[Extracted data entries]
----------------------------------------

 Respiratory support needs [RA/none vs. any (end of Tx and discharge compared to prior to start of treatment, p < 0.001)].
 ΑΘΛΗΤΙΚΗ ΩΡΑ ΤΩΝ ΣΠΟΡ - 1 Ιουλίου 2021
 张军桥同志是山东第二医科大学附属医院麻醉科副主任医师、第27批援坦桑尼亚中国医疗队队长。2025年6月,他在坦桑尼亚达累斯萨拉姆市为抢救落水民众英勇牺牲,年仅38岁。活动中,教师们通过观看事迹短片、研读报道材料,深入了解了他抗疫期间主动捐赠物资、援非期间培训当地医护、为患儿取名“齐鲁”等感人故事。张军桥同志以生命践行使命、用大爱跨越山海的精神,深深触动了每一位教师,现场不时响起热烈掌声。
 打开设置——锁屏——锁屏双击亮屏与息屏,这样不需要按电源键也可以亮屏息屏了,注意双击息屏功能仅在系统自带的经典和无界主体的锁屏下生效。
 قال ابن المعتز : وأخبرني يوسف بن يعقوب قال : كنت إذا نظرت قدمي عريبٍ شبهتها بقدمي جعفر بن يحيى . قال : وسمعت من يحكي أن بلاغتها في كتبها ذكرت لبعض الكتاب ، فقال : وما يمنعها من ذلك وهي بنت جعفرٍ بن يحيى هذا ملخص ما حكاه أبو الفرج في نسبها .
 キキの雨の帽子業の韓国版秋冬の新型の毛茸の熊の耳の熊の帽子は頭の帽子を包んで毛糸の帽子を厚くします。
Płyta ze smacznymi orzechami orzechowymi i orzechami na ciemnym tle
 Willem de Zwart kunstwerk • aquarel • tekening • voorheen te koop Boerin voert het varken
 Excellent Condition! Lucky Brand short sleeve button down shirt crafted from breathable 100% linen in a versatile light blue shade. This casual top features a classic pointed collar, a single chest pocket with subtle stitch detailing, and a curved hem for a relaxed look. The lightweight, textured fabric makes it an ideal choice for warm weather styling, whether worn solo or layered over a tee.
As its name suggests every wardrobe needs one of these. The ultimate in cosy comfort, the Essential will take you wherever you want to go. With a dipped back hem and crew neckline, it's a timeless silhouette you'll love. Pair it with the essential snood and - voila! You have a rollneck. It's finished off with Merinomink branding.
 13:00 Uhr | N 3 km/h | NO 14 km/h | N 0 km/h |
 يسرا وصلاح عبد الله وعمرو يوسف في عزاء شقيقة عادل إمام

----------------------------------------

_WHAT NEEDS TO BE DONE_
From the first line to the last, reproduce the data above exactly.

_RESULT FOR THIS TASK_
 Respiratory support needs [RA/none vs. any (end of Tx and discharge compared to prior to start of treatment, p < 0.001)].
 ΑΘΛΗΤΙΚΗ ΩΡΑ ΤΩΝ ΣΠΟΡ - 1 Ιουλίου 2021
 张军桥同志是山东第二医科大学附属医院麻醉科副主任医师、第27批援坦桑尼亚中国医疗队队长。2025年6月,他在坦桑尼亚达累斯萨拉姆市为抢救落水民众英勇牺牲,年仅38岁。活动中,教师们通过观看事迹短片、研读报道材料,深入了解了他抗疫期间主动捐赠物资、援非期间培训当地医护、为患儿取名“齐鲁”等感人故事。张军桥同志以生命践行使命、用大爱跨越山海的精神,深深触动了每一位教师,现场不时响起热烈掌声。
 打开设置——锁屏——锁屏双击亮屏与息屏,这样不需要按电源键也可以亮屏息屏了,注意双击息屏功能仅在系统自带的经典和无界主体的锁屏下生效。
 قال ابن المعتز : وأخبرني يوسف بن يعقوب قال : كنت إذا نظرت قدمي عريبٍ شبهتها بقدمي جعفر بن يحيى . قال : وسمعت من يحكي أن بلاغتها في كتبها ذكرت لبعض الكتاب ، فقال : وما يمنعها من ذلك وهي بنت جعفرٍ بن يحيى هذا ملخص ما حكاه أبو الفرج في نسبها .
 キキの雨の帽子業の韓国版秋冬の新型の毛茸の熊の耳の熊の帽子は頭の帽子を包んで毛糸の帽子を厚くします。
Płyta ze smacznymi orzechami orzechowymi i orzechami na ciemnym tle
 Willem de Zwart kunstwerk • aquarel • tekening • voorheen te koop Boerin voert het varken
 Excellent Condition! Lucky Brand short sleeve button down shirt crafted from breathable 100% linen in a versatile light blue shade. This casual top features a classic pointed collar, a single chest pocket with subtle stitch detailing, and a curved hem for a relaxed look. The lightweight, textured fabric makes it an ideal choice for warm weather styling, whether worn solo or layered over a tee.
As its name suggests every wardrobe needs one of these. The ultimate in cosy comfort, the Essential will take you wherever you want to go. With a dipped back hem and crew neckline, it's a timeless silhouette you'll love. Pair it with the essential snood and - voila! You have a rollneck. It's finished off with Merinomink branding.
 13:00 Uhr | N 3 km/h | NO 14 km/h | N 0 km/h |
 يسرا وصلاح عبد الله وعمرو يوسف في عزاء شقيقة عادل إمام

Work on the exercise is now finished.